In the case of looking at perfluorochemicals left behind in tissues, consensus says that there is “nothing” in that empty footprint, just the embedding medium (in this case EPON 812). So there is a texture to the embedding medium, no question, but nothing I can perceive, and so easily compared to the texture of surrounding tissues, so that when I see a pattern in the tissue I am pretty convinced that it is the presence of the proteins . (They are influenced by the fixative and type and length of dehydration and other stuff not excluding the warping and shifting under the electron microscope. All those factors play a role). It is one of the reasons that an internal control for size (and i am suggesting background texture) in electron microscopy is really important. I CAN list a short list of variables to be aware of (my knowledge is just observational) which begin even before biopsy, including the time of the last meal, 1) circadian cycle, 2) health of the tissue (in vivo or in vitro –doesn’t matter) 3) mode of analgesia or anesthesia at biopsy (paralytics – solutions with ions (as in perfusion) 4) time till tissue gets into fixative, 5) size of the tissue block, 6) type of fixative, 7) length of time in fixative, 8) length of time and chemicals used for dehydration, 9)type of plastic, 10) section thickness, 11) staining compounds, 12) TEM specs, KV, etc…. so I am willing to accept that not all parameters are under one’s control.

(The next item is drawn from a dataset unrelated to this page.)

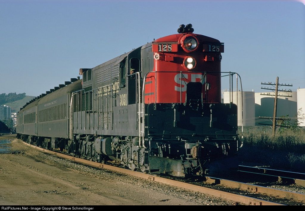 | SP Trainmaster 3031 pauses with San Jose-bound train No. 128 at Bayshore, waiting for trains ahead to clear. The train is made of up exclusively of SP "suburban" coaches. |
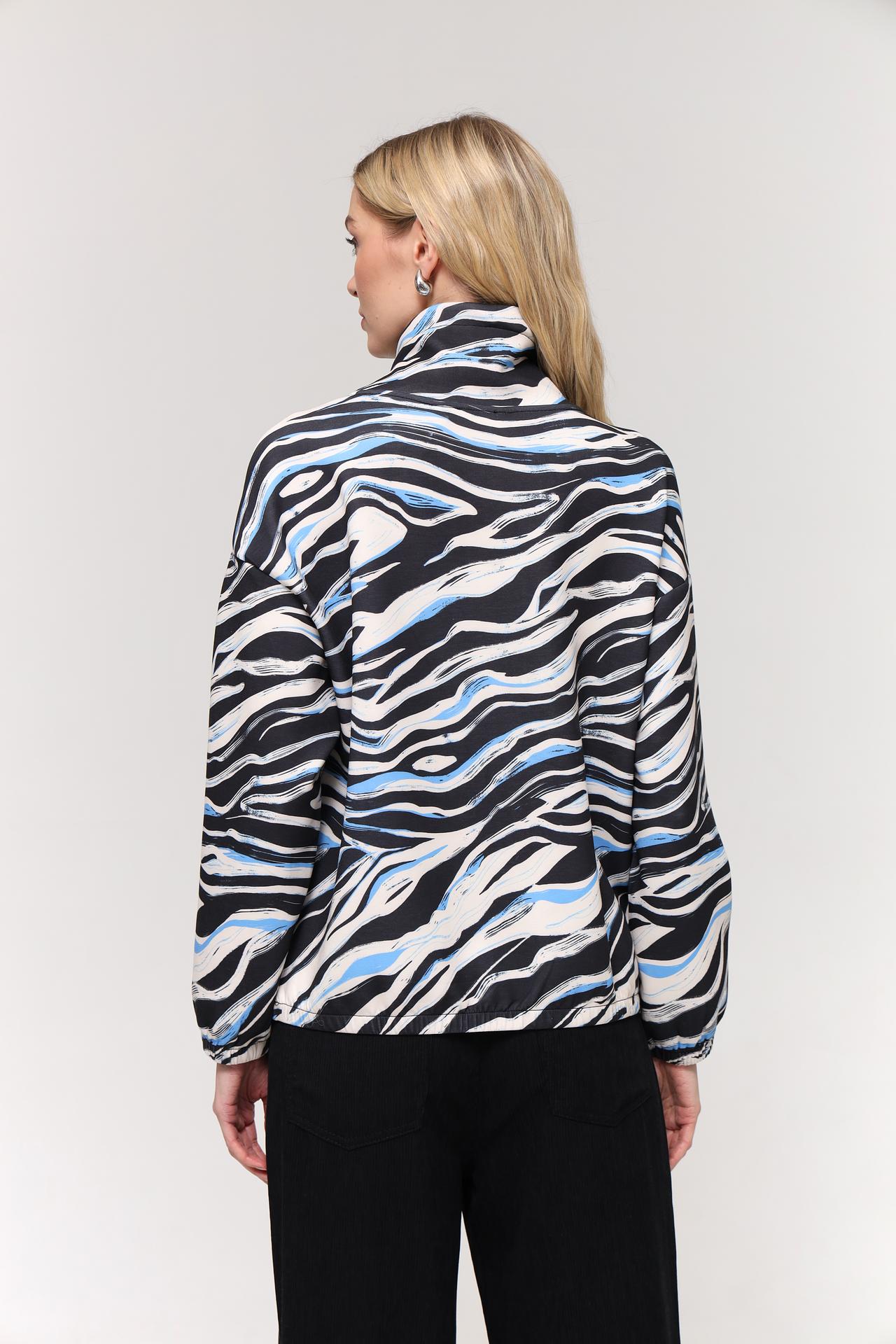 - Дизайн: Оригинальный черно-белый принт с голубыми элементами добавляет образу выразительности и индивидуальности.

I will however say that the pattern below (in a portion of a macrophage in the liver of a mouse given 10%IPFD in 5%F68, 267 days post infusion) shows a linearity I would not be willing to ignore. low mag micrograph top, for orientation, next below is micrograph of the red box area which shows the periodicity. That is just one of the linear arrangements that are visible in these tissues.
rotated image for easier measuring and comparing the textured are (top box) and the basic epon texture (bottom box).